-------- INFORMATION SHOWN --------

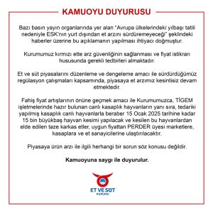 Fahiş fiyat artışlarının önüne geçmek amacı ile Kurumumuzca, TİGEM işletmelerinde hazır bulunan canlı kasaplık hayvanların yanı sıra, tedariki yapılmış kasaplık canlı hayvanlarla beraber 15 Ocak 2025 tarihine kadar 15 bin büyükbaş hayvan kesimi yapılacak ve kesilen bu hayvanlardan elde edilen taze karkas etler, uygun fiyattan PERDER üyesi marketlere, kasaplara ve et sanayicilerine ulaştırılacaktır. Piyasaya ürün arzı ile ilgili herhangi bir sorun söz konusu değildir."
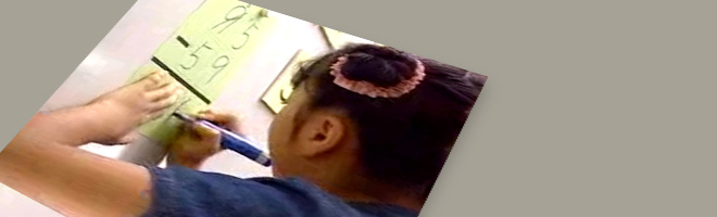 The teacher then asks the students if the result will always be the same when subtracting two two-digit numbers made from the same pair of digits and challenges them to find out. Students can work independently or with partners using the subtraction template. As the students work, the teacher has the opportunity to encourage students to try different digit combinations and support any students who are subtracting incorrectly. After enough time has passed, the teacher has the students put their results (subtraction templates or equations) on the board. (For an illustration of this, please see video, 5:10-6:55)
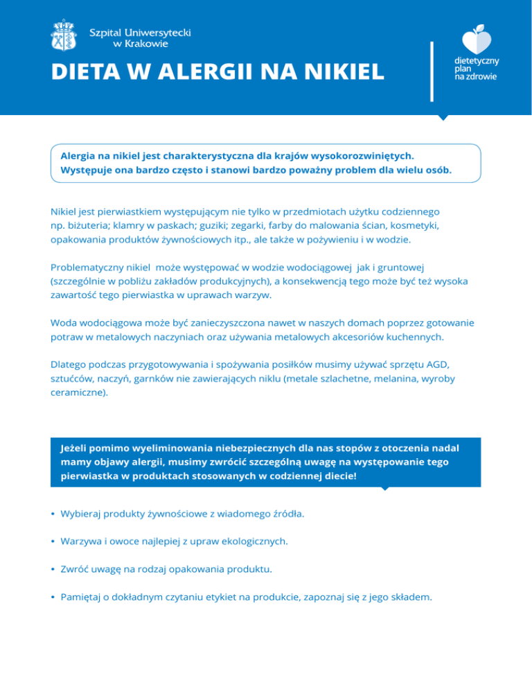 DIETA W ALERGII NA NIKIEL Alergia na nikiel jest charakterystyczna dla krajów wysokorozwiniętych. Występuje ona bardzo często i stanowi bardzo poważny problem dla wielu osób. Nikiel jest pierwiastkiem występującym nie tylko w przedmiotach użytku codziennego np. biżuteria; klamry w paskach; guziki; zegarki, farby do malowania ścian, kosmetyki, opakowania produktów żywnościowych itp., ale także w pożywieniu i w wodzie. Problematyczny nikiel może występować w wodzie wodociągowej jak i gruntowej (szczególnie w pobliżu zakładów produkcyjnych), a konsekwencją tego może być też wysoka zawartość tego pierwiastka w uprawach warzyw. Woda wodociągowa może być zanieczyszczona nawet w naszych domach poprzez gotowanie potraw w metalowych naczyniach oraz używania metalowych akcesoriów kuchennych. Dlatego podczas przygotowywania i spożywania posiłków musimy używać sprzętu AGD, sztućców, naczyń, garnków nie zawierających niklu (metale szlachetne, melanina, wyroby ceramiczne). Jeżeli pomimo wyeliminowania niebezpiecznych dla nas stopów z otoczenia nadal mamy objawy alergii, musimy zwrócić szczególną uwagę na występowanie tego pierwiastka w produktach stosowanych w codziennej diecie! yy Wybieraj produkty żywnościowe z wiadomego źródła. yy Warzywa i owoce najlepiej z upraw ekologicznych. yy Zwróć uwagę na rodzaj opakowania produktu. yy Pamiętaj o dokładnym czytaniu etykiet na produkcie, zapoznaj się z jego składem. DIETA W ALERGII NA NIKIEL TABELA PRODUKTÓW ZAWIERAJĄCYCH NIKIEL Produkty zbożowe produkty z pełnego ziarna, gryka, proso (kasza jaglana), owies* (płatki owsiane) Nabiał ser topiony*, ser twardy (np. ementaler, cheddar, parmezan), ser półtwardy (np. tylżycki, edamski, gouda) Mięso, drób, ryby podroby (mogą być zawarte też w kiełbasach rozdrobnionych, pasztecie) konserwy mięsne owoce morza (krab, małża, ostryga, homar) ryby (śledź*, tuńczyk*, makrela*, sardynka*, szczupak) konserwy rybne Owoce i warzywa gruszka, wiśnia*, brzoskwinia, banan, ananas, suszone śliwki warzywa kapustne (kapusta włoska, czerwona, biała, pekińska), sałata, brokuł, szparagi, pietruszka, marchew, cebula, boćwina, kalarepa, pomidor, papryka, kukurydza*, chrzan, rabarbar nasiona roślin strączkowych (fasola, bób, soczewica, groch), ziarno soi i jej produkty* warzywa i owoce konserwowe* Tłuszcze margaryna* (proces utwardzania) Słodycze, desery, bakalie kakao*, czekolada* i wszystkie produkty z ich zawartością migdały* (marcepan), orzechy*, orzeszki ziemne*, pistacje, ziarno słonecznika oraz wszystkie produkty z ich zawartością Napoje soki owocowe* (szczególnie kwaśne), kawa*, mocna herbata* (zielona, czarna) kakao*, piwo*, wino* (szczególnie czerwone) Inne koncentrat pomidorowy*, ketchup* ocet (winny, stołowy, jabłkowy), sos sojowy*, drożdże *produkty na które należy zwrócić szczególną uwagę Samodzielny Publiczny Zakład Opieki Zdrowotnej KRS. 0000024155 • 31-501 Kraków, ul. Mikołaja Kopernika 36 tel.: 12 424 70 00 • fax 12 424 74 87 www.su.krakow.pl/dietetyczny-plan-na-zdrowie

--------

Line for line, restate the data above and omit every picture.

 Fahiş fiyat artışlarının önüne geçmek amacı ile Kurumumuzca, TİGEM işletmelerinde hazır bulunan canlı kasaplık hayvanların yanı sıra, tedariki yapılmış kasaplık canlı hayvanlarla beraber 15 Ocak 2025 tarihine kadar 15 bin büyükbaş hayvan kesimi yapılacak ve kesilen bu hayvanlardan elde edilen taze karkas etler, uygun fiyattan PERDER üyesi marketlere, kasaplara ve et sanayicilerine ulaştırılacaktır. Piyasaya ürün arzı ile ilgili herhangi bir sorun söz konusu değildir."
 The teacher then asks the students if the result will always be the same when subtracting two two-digit numbers made from the same pair of digits and challenges them to find out. Students can work independently or with partners using the subtraction template. As the students work, the teacher has the opportunity to encourage students to try different digit combinations and support any students who are subtracting incorrectly. After enough time has passed, the teacher has the students put their results (subtraction templates or equations) on the board. (For an illustration of this, please see video, 5:10-6:55)
 DIETA W ALERGII NA NIKIEL Alergia na nikiel jest charakterystyczna dla krajów wysokorozwiniętych. Występuje ona bardzo często i stanowi bardzo poważny problem dla wielu osób. Nikiel jest pierwiastkiem występującym nie tylko w przedmiotach użytku codziennego np. biżuteria; klamry w paskach; guziki; zegarki, farby do malowania ścian, kosmetyki, opakowania produktów żywnościowych itp., ale także w pożywieniu i w wodzie. Problematyczny nikiel może występować w wodzie wodociągowej jak i gruntowej (szczególnie w pobliżu zakładów produkcyjnych), a konsekwencją tego może być też wysoka zawartość tego pierwiastka w uprawach warzyw. Woda wodociągowa może być zanieczyszczona nawet w naszych domach poprzez gotowanie potraw w metalowych naczyniach oraz używania metalowych akcesoriów kuchennych. Dlatego podczas przygotowywania i spożywania posiłków musimy używać sprzętu AGD, sztućców, naczyń, garnków nie zawierających niklu (metale szlachetne, melanina, wyroby ceramiczne). Jeżeli pomimo wyeliminowania niebezpiecznych dla nas stopów z otoczenia nadal mamy objawy alergii, musimy zwrócić szczególną uwagę na występowanie tego pierwiastka w produktach stosowanych w codziennej diecie! yy Wybieraj produkty żywnościowe z wiadomego źródła. yy Warzywa i owoce najlepiej z upraw ekologicznych. yy Zwróć uwagę na rodzaj opakowania produktu. yy Pamiętaj o dokładnym czytaniu etykiet na produkcie, zapoznaj się z jego składem. DIETA W ALERGII NA NIKIEL TABELA PRODUKTÓW ZAWIERAJĄCYCH NIKIEL Produkty zbożowe produkty z pełnego ziarna, gryka, proso (kasza jaglana), owies* (płatki owsiane) Nabiał ser topiony*, ser twardy (np. ementaler, cheddar, parmezan), ser półtwardy (np. tylżycki, edamski, gouda) Mięso, drób, ryby podroby (mogą być zawarte też w kiełbasach rozdrobnionych, pasztecie) konserwy mięsne owoce morza (krab, małża, ostryga, homar) ryby (śledź*, tuńczyk*, makrela*, sardynka*, szczupak) konserwy rybne Owoce i warzywa gruszka, wiśnia*, brzoskwinia, banan, ananas, suszone śliwki warzywa kapustne (kapusta włoska, czerwona, biała, pekińska), sałata, brokuł, szparagi, pietruszka, marchew, cebula, boćwina, kalarepa, pomidor, papryka, kukurydza*, chrzan, rabarbar nasiona roślin strączkowych (fasola, bób, soczewica, groch), ziarno soi i jej produkty* warzywa i owoce konserwowe* Tłuszcze margaryna* (proces utwardzania) Słodycze, desery, bakalie kakao*, czekolada* i wszystkie produkty z ich zawartością migdały* (marcepan), orzechy*, orzeszki ziemne*, pistacje, ziarno słonecznika oraz wszystkie produkty z ich zawartością Napoje soki owocowe* (szczególnie kwaśne), kawa*, mocna herbata* (zielona, czarna) kakao*, piwo*, wino* (szczególnie czerwone) Inne koncentrat pomidorowy*, ketchup* ocet (winny, stołowy, jabłkowy), sos sojowy*, drożdże *produkty na które należy zwrócić szczególną uwagę Samodzielny Publiczny Zakład Opieki Zdrowotnej KRS. 0000024155 • 31-501 Kraków, ul. Mikołaja Kopernika 36 tel.: 12 424 70 00 • fax 12 424 74 87 www.su.krakow.pl/dietetyczny-plan-na-zdrowie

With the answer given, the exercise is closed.